Of course, ignoring the systemic nature of our dilemma just means that as soon as we get one symptom corralled, another is likely to break loose. But, crucially, is climate change, taken as an isolated problem, fully treatable with technology? Color me doubtful. I say this having spent many months poring over the relevant data with David Fridley of the energy analysis program at Lawrence Berkeley National Laboratory. Our resulting book, Our Renewable Future, concluded that nuclear power is too expensive and risky; meanwhile, solar and wind power both suffer from intermittency, which (once these sources begin to provide a large percentage of total electrical power) will require a combination of three strategies on a grand scale: energy storage, redundant production capacity and demand adaptation. At the same time, we in industrial nations will have to adapt most of our current energy usage (which occurs in industrial processes, building heating and transportation) to electricity. Altogether, the energy transition promises to be an enormous undertaking, unprecedented in its requirements for investment and substitution. When David and I stepped back to assess the enormity of the task, we could see no way to maintain current quantities of global energy production during the transition, much less to increase energy supplies so as to power ongoing economic growth. The biggest transitional hurdle is scale: the world uses an enormous amount of energy currently; only if that quantity can be reduced significantly, especially in industrial nations, could we imagine a credible pathway toward a post-carbon future.

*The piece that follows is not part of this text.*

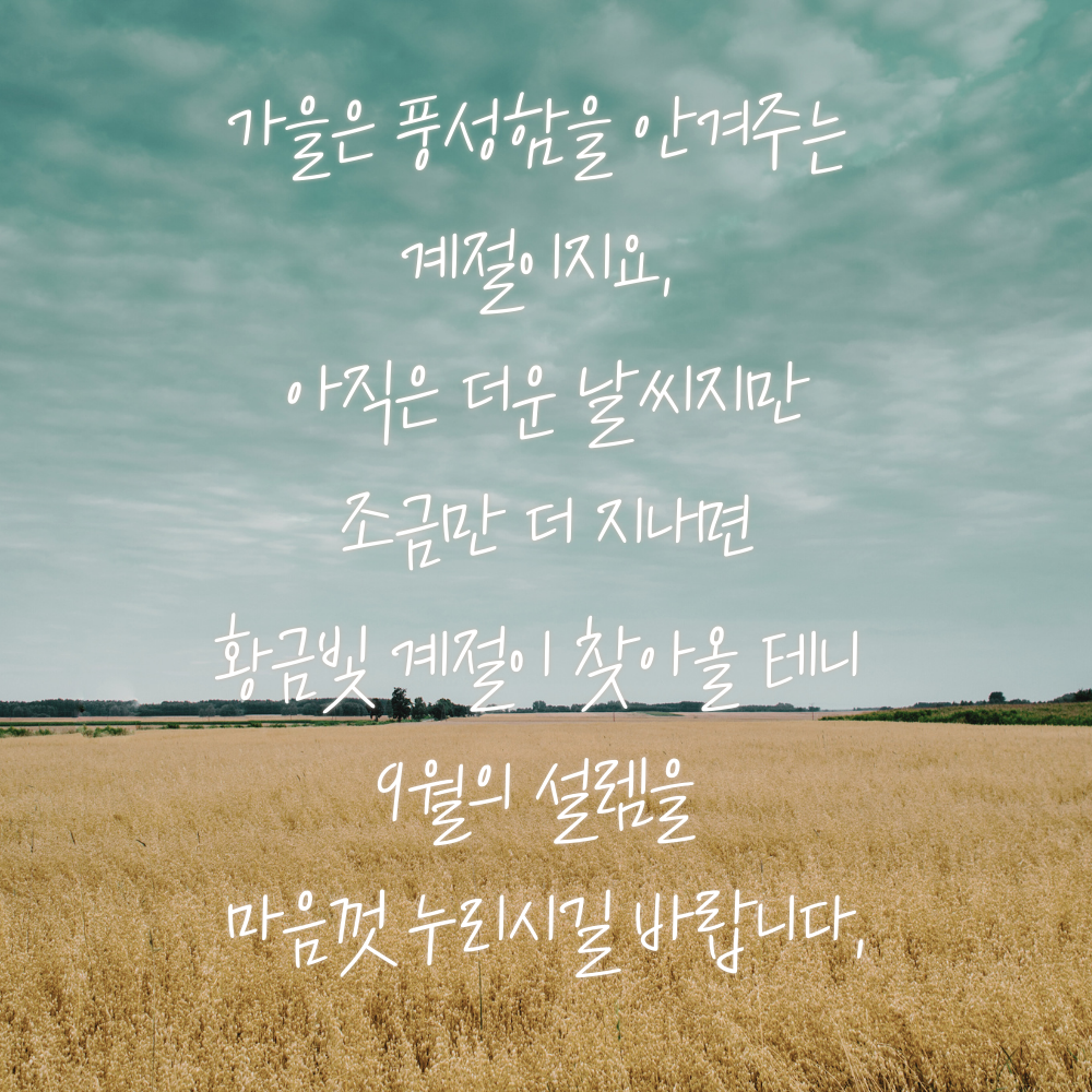 14. 선선한 바람이 불어오는 계절을 기다리며 맞이하는 9월, 새로운 다짐과 함께 시작해 보시는 건 어떨까요? 가을처럼 풍요롭고 따스한 달이 되시길 바랍니다.

Downsizing the world's energy supplies would, effectively, also downsize industrial processes of resource extraction, manufacturing, transportation, and waste management. That's a systemic intervention, of exactly the kind called for by the ecologists of the 1970s who coined the mantra, "Reduce, reuse and recycle." It gets to the heart of the overshoot dilemma—as does population stabilization and reduction, another necessary strategy. But it's also a notion to which technocrats, industrialists, and investors are virulently allergic.
The ecological argument is, at its core, a moral one—as I explain in more detail in a just-released manifesto replete with sidebars and graphics ("There's No App for That: Technology and Morality in the Age of Climate Change, Overpopulation, and Biodiversity Loss"). Any systems thinker who understands overshoot and prescribes powerdown as a treatment is effectively engaging in an intervention with an addictive behavior. Society is addicted to growth, and that's having terrible consequences for the planet and, increasingly, for us as well. We have to change our collective and individual behavior and give up something we depend on—power over our environment. We must restrain ourselves, like an alcoholic foreswearing booze. That requires honesty and soul-searching.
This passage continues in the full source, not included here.